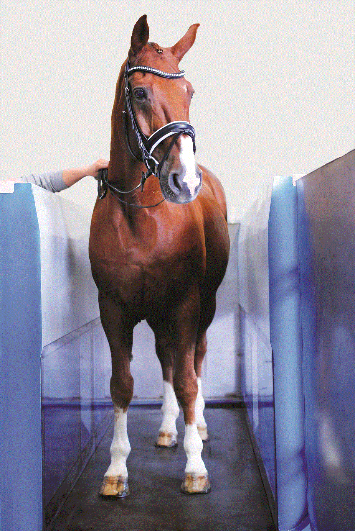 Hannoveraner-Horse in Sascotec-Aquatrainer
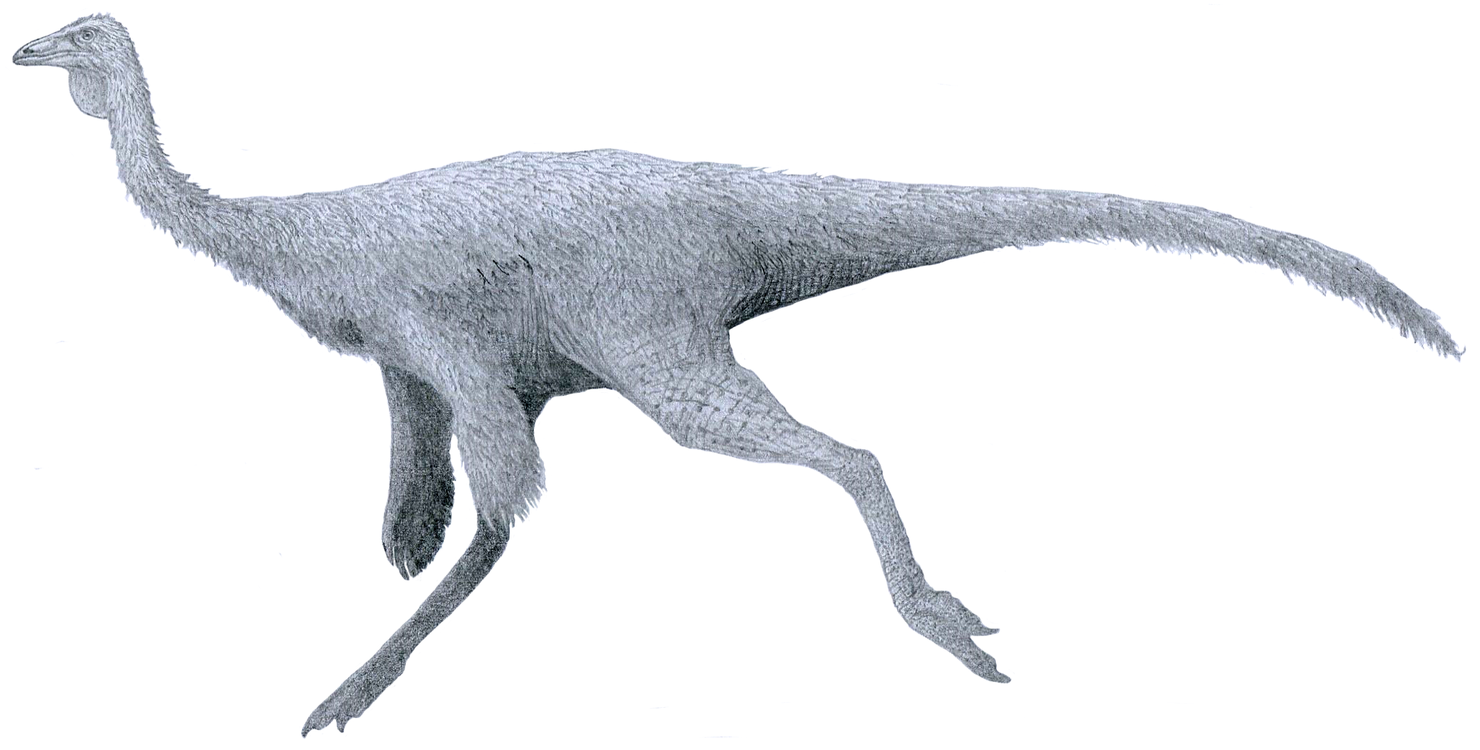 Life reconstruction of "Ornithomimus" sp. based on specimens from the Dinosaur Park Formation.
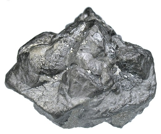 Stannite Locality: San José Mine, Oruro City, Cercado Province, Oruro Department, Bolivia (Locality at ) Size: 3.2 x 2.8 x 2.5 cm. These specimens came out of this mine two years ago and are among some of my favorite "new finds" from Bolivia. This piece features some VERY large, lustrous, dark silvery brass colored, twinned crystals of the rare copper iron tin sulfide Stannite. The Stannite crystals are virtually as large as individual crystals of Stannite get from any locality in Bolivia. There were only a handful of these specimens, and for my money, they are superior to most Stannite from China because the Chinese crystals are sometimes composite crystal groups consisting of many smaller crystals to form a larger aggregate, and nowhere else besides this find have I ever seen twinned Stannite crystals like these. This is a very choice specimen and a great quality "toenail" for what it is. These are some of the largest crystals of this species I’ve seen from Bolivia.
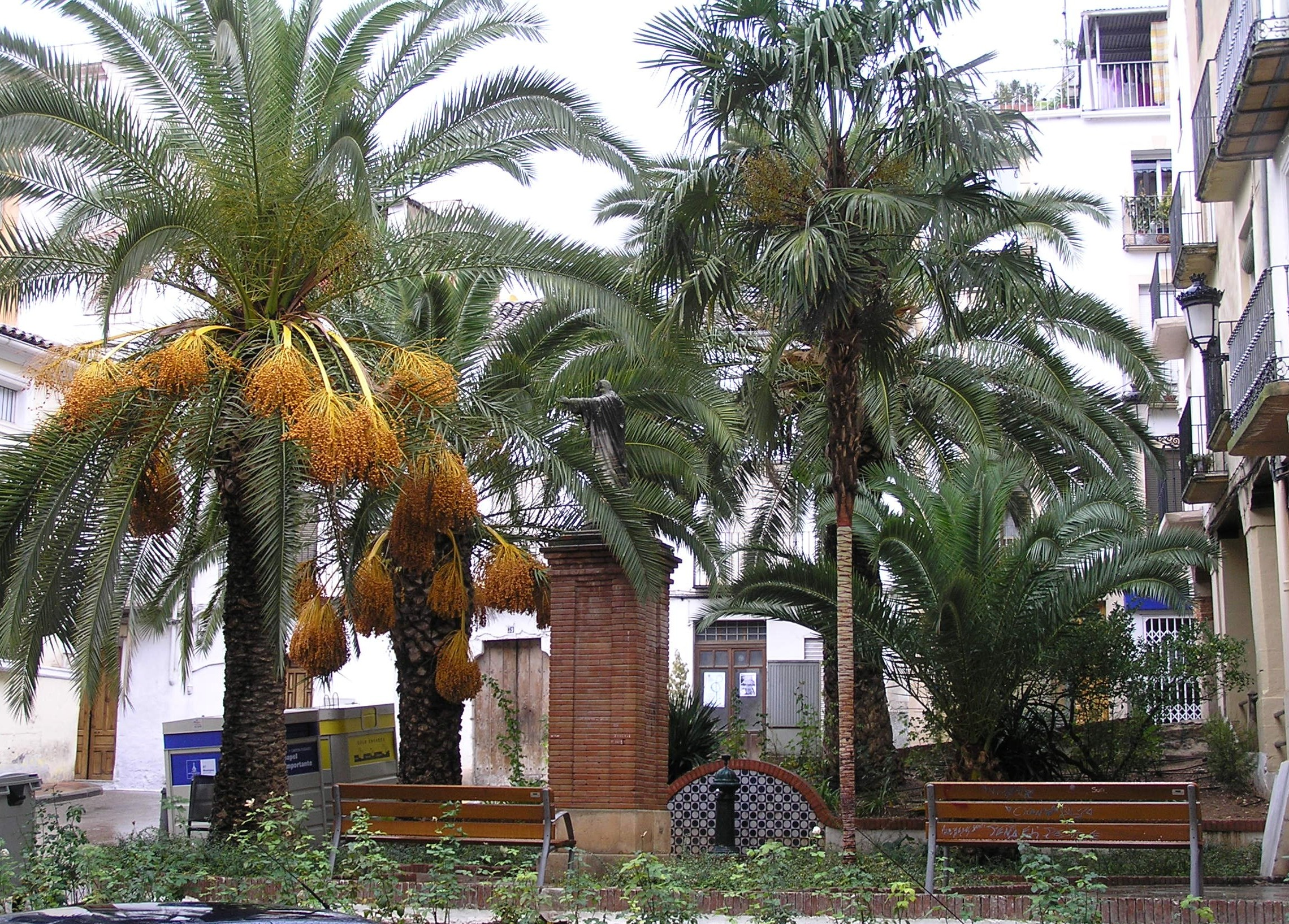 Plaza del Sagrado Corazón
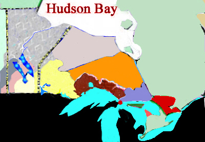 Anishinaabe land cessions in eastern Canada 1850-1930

---------------

_GOAL OF THE EXERCISE_
Your answer must be an exact repeat of the records above, with no pictures in it.

_ANSWER TO THE PROBLEM_
 Hannoveraner-Horse in Sascotec-Aquatrainer
 Life reconstruction of "Ornithomimus" sp. based on specimens from the Dinosaur Park Formation.
 Stannite Locality: San José Mine, Oruro City, Cercado Province, Oruro Department, Bolivia (Locality at ) Size: 3.2 x 2.8 x 2.5 cm. These specimens came out of this mine two years ago and are among some of my favorite "new finds" from Bolivia. This piece features some VERY large, lustrous, dark silvery brass colored, twinned crystals of the rare copper iron tin sulfide Stannite. The Stannite crystals are virtually as large as individual crystals of Stannite get from any locality in Bolivia. There were only a handful of these specimens, and for my money, they are superior to most Stannite from China because the Chinese crystals are sometimes composite crystal groups consisting of many smaller crystals to form a larger aggregate, and nowhere else besides this find have I ever seen twinned Stannite crystals like these. This is a very choice specimen and a great quality "toenail" for what it is. These are some of the largest crystals of this species I’ve seen from Bolivia.
 Plaza del Sagrado Corazón
 Anishinaabe land cessions in eastern Canada 1850-1930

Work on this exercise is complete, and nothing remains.